Assigned task –
Repeat, word for word and with nothing added, each line from the one containing "A feed-forward neural" to the final line of the data, keeping both ends. Pictures are not part of the copy.

(Collected data)

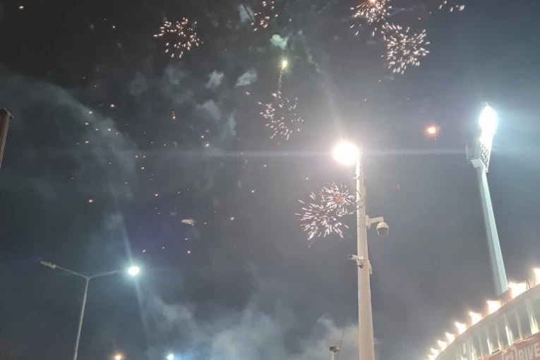 Foto: Dražen OstojićU želji da svoje miljenike obraduju i okuraže pred početak meča Lige Evrope, navijači su iza južne tribine zapali spektakularan vatromet!
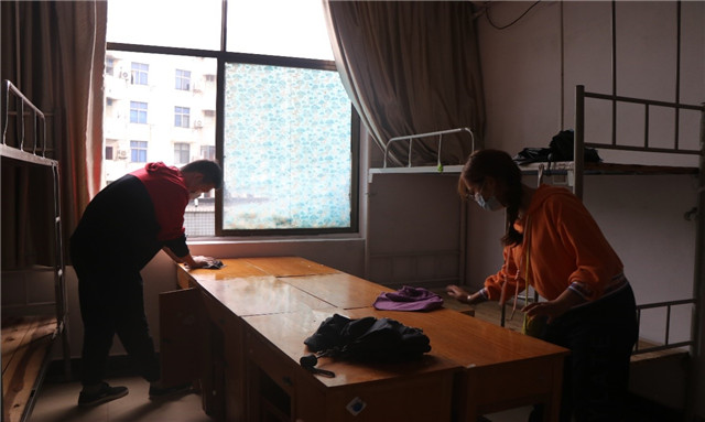 新生报到前,公司领导班子和党员志愿者在新生宿舍进行大扫除。
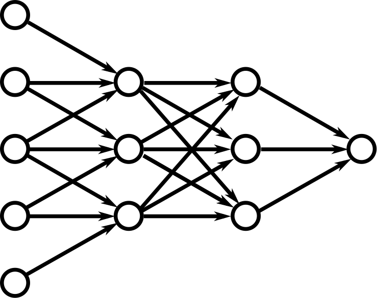 A feed-forward neural network is a network in which the signal enters at the left, flows through the network, and exits at the right without looping backwards on itself. An example network is shown here:
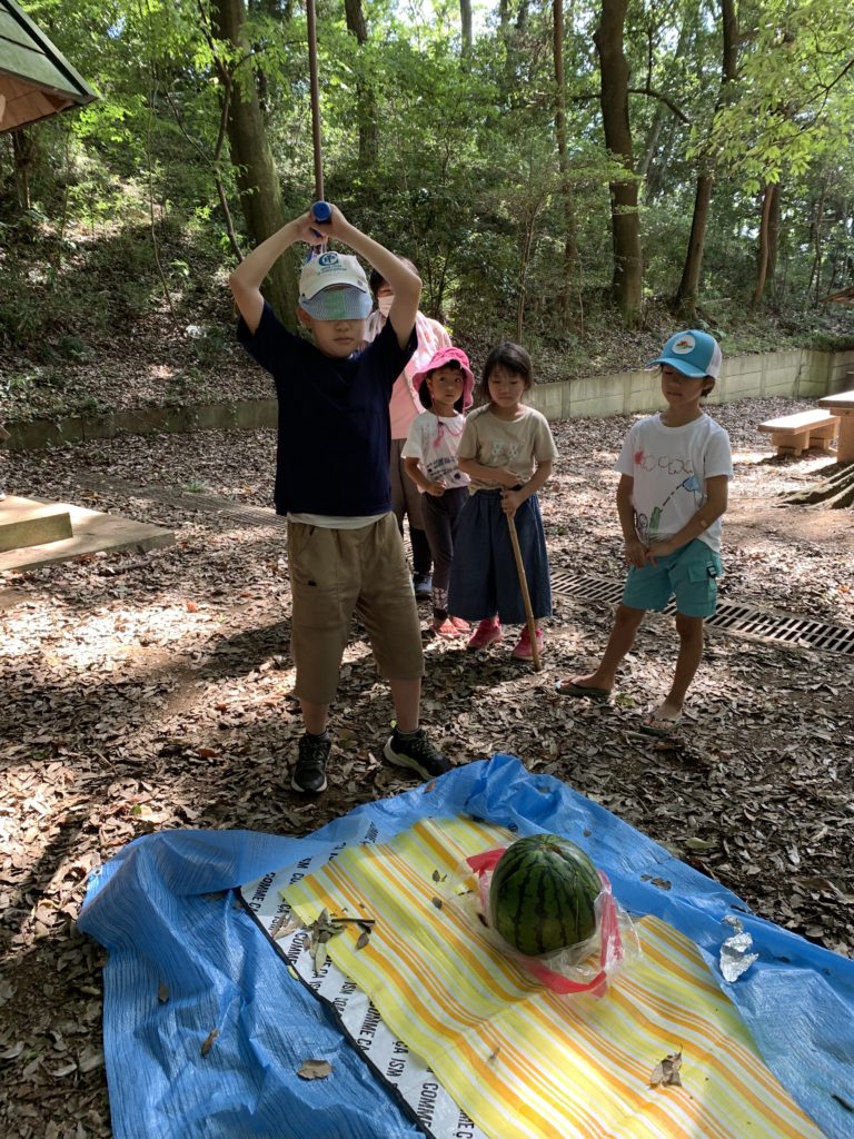 そして、スイカ割りです。目隠しをして、右!左!そこだっ!何周もして、ようやく割れました。

(End Collected data)

The completed task –
 A feed-forward neural network is a network in which the signal enters at the left, flows through the network, and exits at the right without looping backwards on itself. An example network is shown here:
 そして、スイカ割りです。目隠しをして、右!左!そこだっ!何周もして、ようやく割れました。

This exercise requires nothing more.